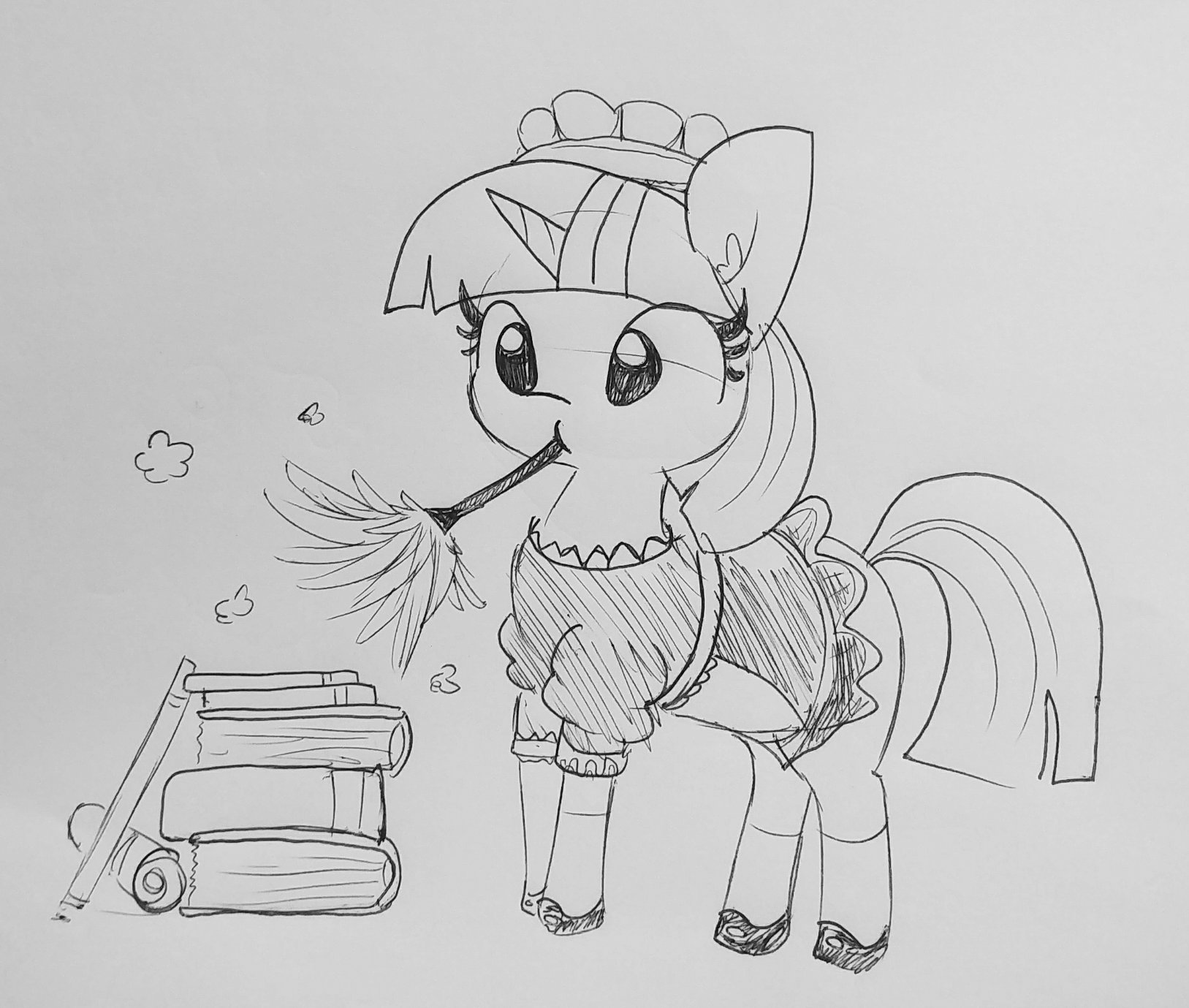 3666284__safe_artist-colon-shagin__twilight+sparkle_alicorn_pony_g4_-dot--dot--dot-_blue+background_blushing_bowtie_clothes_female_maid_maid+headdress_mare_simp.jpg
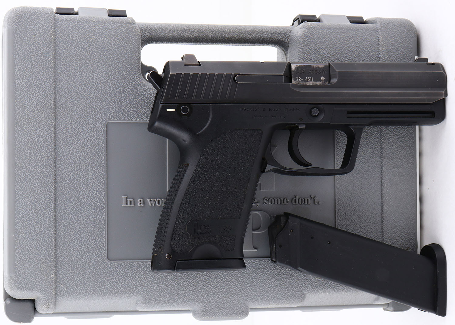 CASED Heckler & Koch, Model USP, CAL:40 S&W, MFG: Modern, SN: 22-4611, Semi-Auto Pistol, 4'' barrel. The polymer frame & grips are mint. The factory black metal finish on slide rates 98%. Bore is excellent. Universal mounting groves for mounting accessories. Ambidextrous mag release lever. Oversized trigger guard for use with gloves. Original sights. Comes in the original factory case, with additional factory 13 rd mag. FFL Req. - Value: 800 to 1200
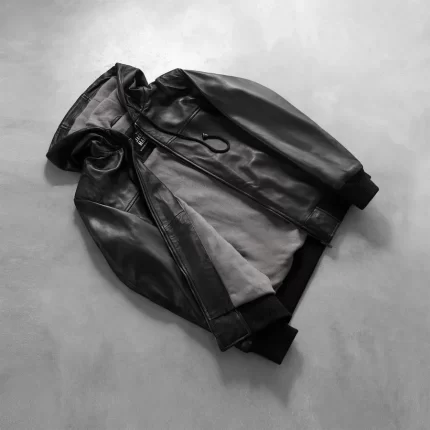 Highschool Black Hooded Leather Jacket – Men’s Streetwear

[EXERCISE GOAL]: Return the material exactly as given above, picture-free.

[ANSWER SECTION]:
 3666284__safe_artist-colon-shagin__twilight+sparkle_alicorn_pony_g4_-dot--dot--dot-_blue+background_blushing_bowtie_clothes_female_maid_maid+headdress_mare_simp.jpg
 CASED Heckler & Koch, Model USP, CAL:40 S&W, MFG: Modern, SN: 22-4611, Semi-Auto Pistol, 4'' barrel. The polymer frame & grips are mint. The factory black metal finish on slide rates 98%. Bore is excellent. Universal mounting groves for mounting accessories. Ambidextrous mag release lever. Oversized trigger guard for use with gloves. Original sights. Comes in the original factory case, with additional factory 13 rd mag. FFL Req. - Value: 800 to 1200
 Highschool Black Hooded Leather Jacket – Men’s Streetwear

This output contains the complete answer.